D'Angelo makes comeback with 'Black Messiah'

D’Angelo

D'Angelo

D'Angelo
D’Angelo

After a wait of nearly 15 years, D’Angelo is making a Second Coming of sorts with “Black Messiah,” a hard-charging attack on racial injustice that challenges listeners both musically and lyrically.

Released as a surprise Monday, the long-anticipated album moves D’Angelo beyond his R&B roots to embrace the passions of protest rock at a time that demonstrations have swept the United States over police killings of unarmed African Americans in New York and Ferguson, Missouri.

D’Angelo, whose career was launched as a teenager during an amateur night at New York’s famed Apollo Theater, won acclaim for his funk-infused R&B and soul on his two previous albums, 1995’s “Brown Sugar” and 2000’s “Voodoo,” but he retreated from public view after a global tour.

“Black Messiah” defies easy categorization but shows clear similarities to his sometime mentor Prince, with the now 40-year-old D’Angelo powering his funk beats with a strong dose of electric guitar and an impressive falsetto.

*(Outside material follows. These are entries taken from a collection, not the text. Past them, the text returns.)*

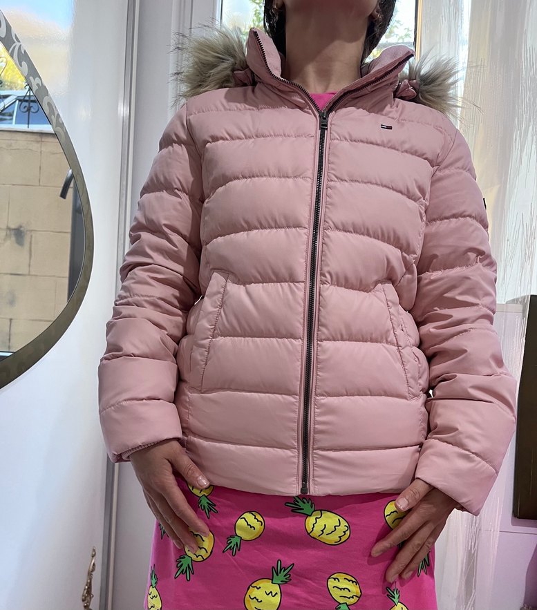 Bu pembe, vücuda oturan mont yüksek yaka ve kapüşon detayında kürk içerir. Yumuşak sentetik kumaştan yapılmış, günlük sokak tarzı için uygun.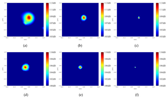 Figure 11. Pressure distributions under experimental conditions of (a) ERDCESM with ν = 0 at 500 Hz, (b) ERDCESM with ν = 1 at 500 Hz, (c) ERDCESM with ν = 3 at 500 Hz, (d) ERDCESM with ν = 0 at 2000 Hz, (e) ERDCESM with ν = 1 at 2000 Hz and (f) ERDCESM with ν = 3 at 2000 Hz for a single source.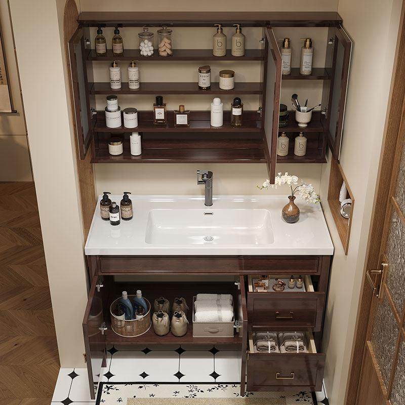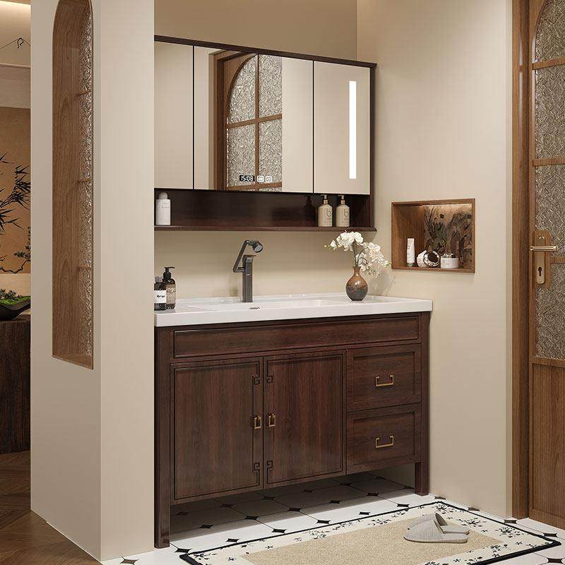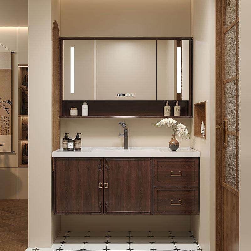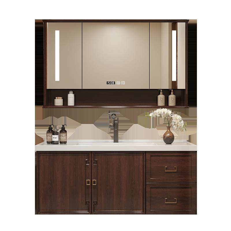 橡木简约现代智能浴室柜镜柜组合烤漆实木新中式 化妆室洗漱台陶瓷

Bringing into focus the album’s messianic overtones, D’Angelo starts the song “1,000 Deaths” with a snippet from a fiery African American preacher who rails against white presentations of Jesus Christ — a blond-haired, blue-eyed “cracker Jesus,” in the pastor’s words, using a derogatory term for unrefined white person.

D’Angelo builds off the sample with a heavy beat and a guitar solo. His lyrics deliver a message of stridency, with the chorus, “A coward dies 1,000 times / But a soldier only dies just once.”

In a song co-written with the producer and DJ Questlove, D’Angelo again questions the nature of struggle on “The Charade,” singing, “All we wanted was a chance to talk / ‘Stead we’ve only got outlined in chalk.”

D’Angelo stays experimental musically throughout the album even when the subject matter turns from politics to romance. On “Really Love,” D’Angelo starts off gently with flamenco guitar before the funk beat breaks through.

Releasing a statement at a listening party for the album in New York, D’Angelo acknowledged that he was courting controversy with the title “Black Messiah” but insisted he was not portraying himself as some R&B Jesus.

“It can easily be misunderstood. Many will think it’s about religion. Some will jump to the conclusion that I’m calling myself a Black Messiah,” he wrote.

“For me, the title is about all of us. It’s about the world. It’s about an idea we can all aspire to. We should all aspire to be a Black Messiah,” he wrote.

“It’s about people rising up in Ferguson and in Egypt and in Occupy Wall Street and in every place where a community has had enough and decides to make change happen.”